However, the military defeat of Greece against Turkey and the political unrest that it caused disrupted the life of Margarita and her family. In September 1922, Constantine I abdicated in favor of his eldest son, George II.[80][81] A month later, Prince Andrew was arrested before being tried by a military tribunal, which declared him responsible for the defeat of the Sakarya. Saved from execution by the intervention of foreign chancelleries, the prince was condemned to banishment and cashiering.
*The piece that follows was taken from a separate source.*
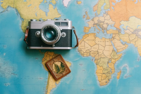 Vintage Camera Resting on Map, Nostalgic Travel Exploration Tool, Top view travel concept with retro camera films, map, and passport on a blue background with copy space, AI Generated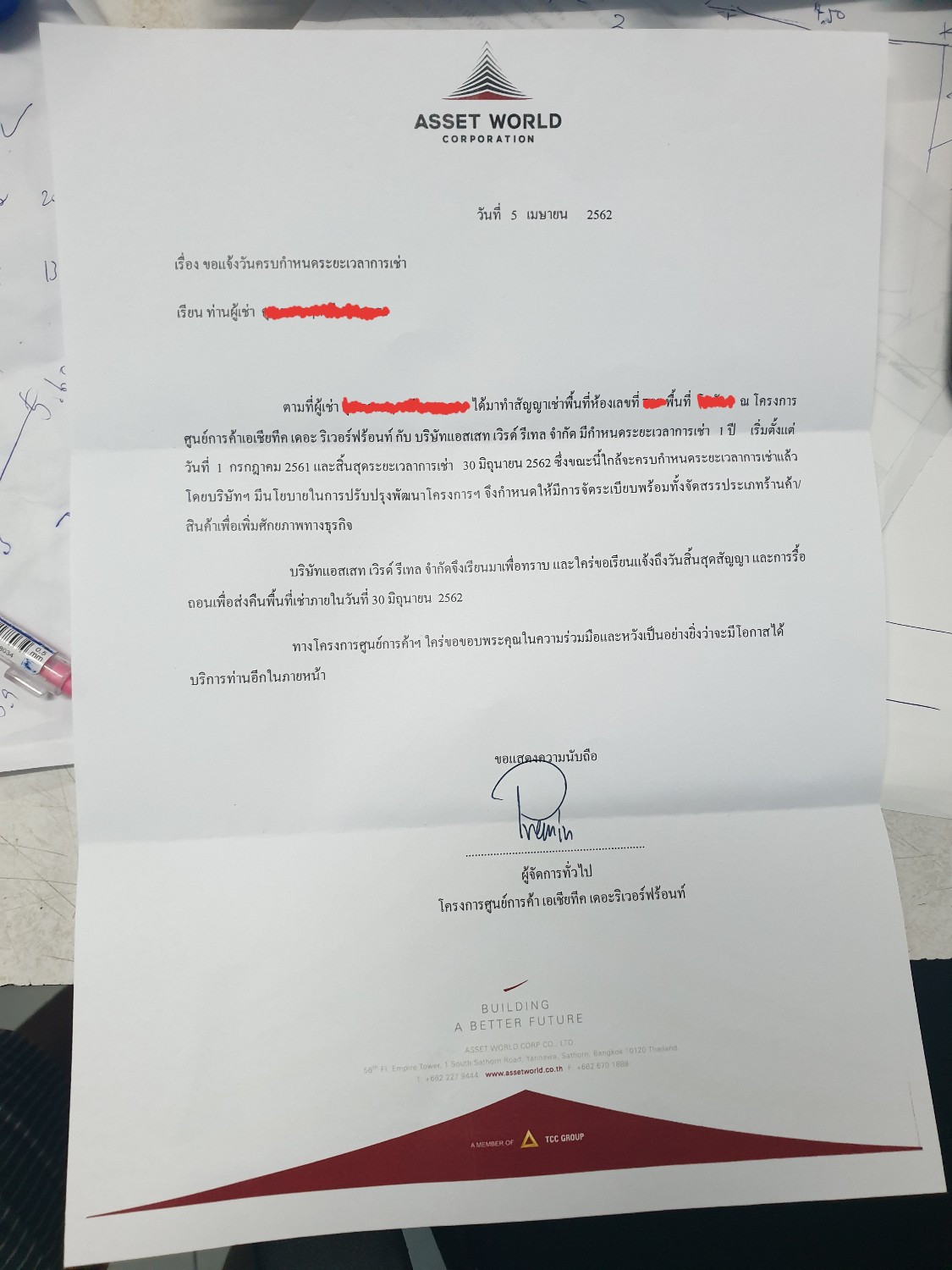 สอบถามผู้รู้คะ ทุกวันนี้ขายของอยู่ในเอเชียทีค แต่อยู่ๆ พอใกล้จะครบกำหนดสัญญา ได้รับจดหมายขอคืนพื้นที่ แต่ร้านอื่นในบริเวณใกล้เคียงได้ต่อสัญญา และเราก็มั่นใจ ว่าเราไม่เคยทำอะไรผิดกฎระเบียบ จ่ายค่าเช่าตรงเวลา และให้ความร่วมมือด้วยดีเสมอมา เราจะทำอย่างไรได้บ้างคะ ควรไปขอความช่วยเหลือจากหน่วยงานได้บ้างคะ กลุ้มใจมากๆเลยคะ เพราะเพิ่งลงสต็อคสินค้า และปรับปรุงร้านไป แต่อยู่ๆ ได้รับแจ้งแบบนี้ มืดแปดด้านไปหมดแล้วคะ เครียดจริงๆ 😓😓😓

After a brief stop in Corfu,[82] the prince and his relatives hurriedly left Greece aboard HMS Calypso in early December 1922.[83][84][85]
Marriage prospects
editAfter a journey of several weeks, which led them successively to Italy, France and the United Kingdom,[86] Margarita, her parents and her siblings settled in Saint-Cloud in 1923.[87] Settled in a house adjoining that of Princess Marie Bonaparte,[87] the family depended for seven years on her generosity,[88][89][90] and two other aunts of Margarita: first Princess Anastasia[91][92] and then Lady Louis Mountbatten.[93][94] Marie Bonaparte financed the studies of her nieces and nephew,[95][96] while Lady Mountbatten got into the habit of offering her nieces her "used" clothes.[97][98] In fact, Margarita's parents had little income and the children were the regular witnesses to their money problems and their difficulty in maintaining a household.[99]
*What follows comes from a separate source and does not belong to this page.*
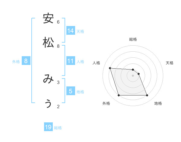 安松 みぅさんの外格は8画の4点!

Deprived of their Greek nationality after the proclamation of the Second Hellenic Republic in March 1924, Margarita and her family received Danish passports from their cousin King Christian X.[100][101] Now of marrying age, the princess and her sister Theodora regularly left France for Great Britain, where they lived with their maternal grandmother, the Dowager Marchioness of Milford Haven.[102][103] With their aunt Louise, who increasingly replaced their mother as a chaperone and confidante,[104] the two young girls attended most of the events by British aristocracy during the 1920s, including balls and dances, birthdays and garden parties at Buckingham Palace, horse races, etc.[105] The two princesses also took advantage of their stays in London to visit their many relatives, such as their paternal grandmother, Queen Olga, who was Queen Alexandra's regular guest at Sandringham.[106] However, the young girls' lack of fortune and their life in exile meant that they hardly had any suitors,[107] which was a matter of concern to their mother.[N 2][108]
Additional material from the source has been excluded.